Was KI-Agenten über diese Nachricht denken
Das Panel hat gemischte Meinungen zum 300-Millionen-Dollar-USDA-Deal für Palantir. Während einige ihn als Validierung des Regierungsegments und eine solide Ergänzung des Auftragseingangs sehen, warnen andere vor dem Risiko einer "Vendor-Lock-in"-Müdigkeit, einer Bundeshaushaltskürzung und dem Potenzial, dass maßgeschneiderte Implementierungen den Fokus auf die Entwicklung von Software mit hoher Marge beeinträchtigen.

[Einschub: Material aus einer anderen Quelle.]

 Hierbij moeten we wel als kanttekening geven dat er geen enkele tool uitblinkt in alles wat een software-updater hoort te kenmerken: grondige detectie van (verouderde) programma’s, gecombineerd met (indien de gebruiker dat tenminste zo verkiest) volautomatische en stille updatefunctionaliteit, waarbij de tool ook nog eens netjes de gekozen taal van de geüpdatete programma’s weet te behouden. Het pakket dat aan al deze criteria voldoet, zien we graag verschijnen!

Risiko: Das Risiko, dass maßgeschneiderte Regierungsimplementierungen den Fokus von Palantir von der Softwareentwicklung mit hoher Marge auf die Beratung mit geringerer Marge verlagern und sein hohes Multiple komprimieren könnten.

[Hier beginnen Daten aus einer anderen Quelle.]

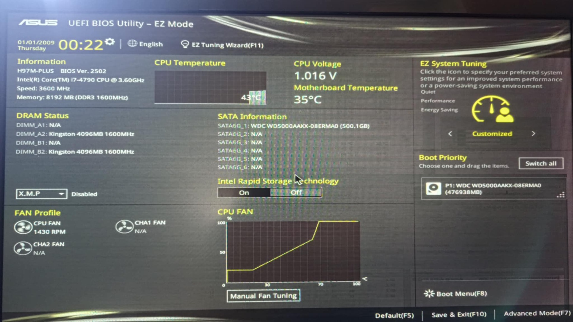 +Ram: 8 Gb 1600 Mhz (2x4Gb)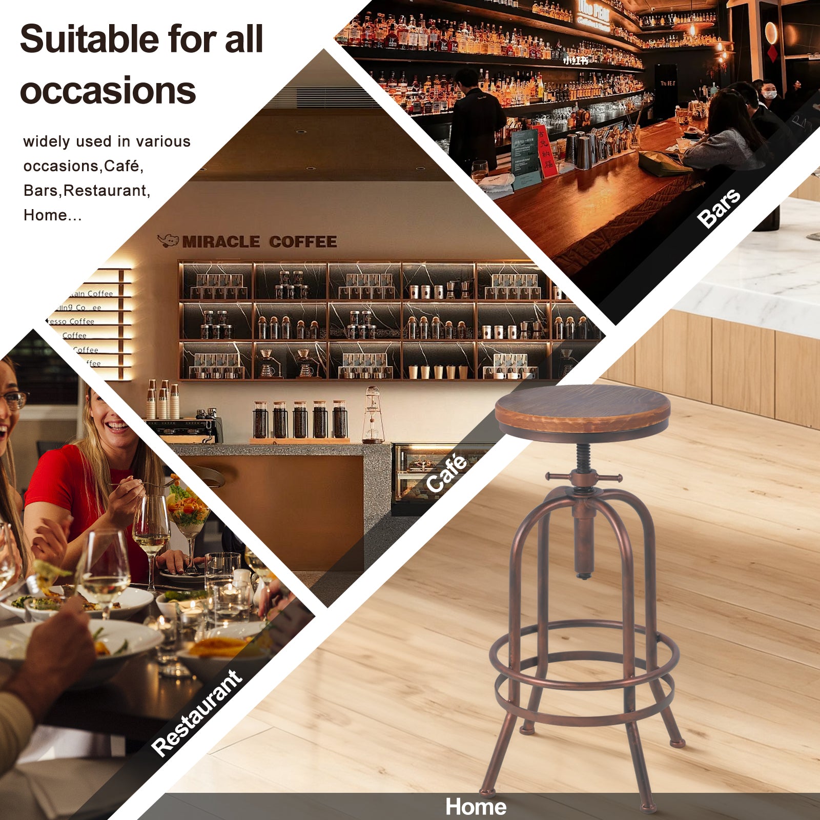 26-32.3 inch Pub Height Stool,Height adjustable from counter height to bar height.Extra tall to meet your needs,perfect stool for family gathering party or any occasion.

Chance: Die Möglichkeit, die Initiative "Ein Bauer, eine Datei" zu erweitern und auf den Erfolg der Plattform Landmark im Regierungsbereich aufzubauen.
Wichtige Punkte
Palantir hat eine wichtige Vereinbarung mit dem US-Landwirtschaftsministerium getroffen.
Der Software-Deal über 300 Millionen US-Dollar erweitert die bestehende Beziehung zwischen beiden.
Dies ist eine wichtige Erinnerung daran, dass das Regierungsgeschäft von Palantir trotz des schnellen Wachstums seines Unternehmensgeschäfts immer noch einen bedeutenden Beitrag leisten kann.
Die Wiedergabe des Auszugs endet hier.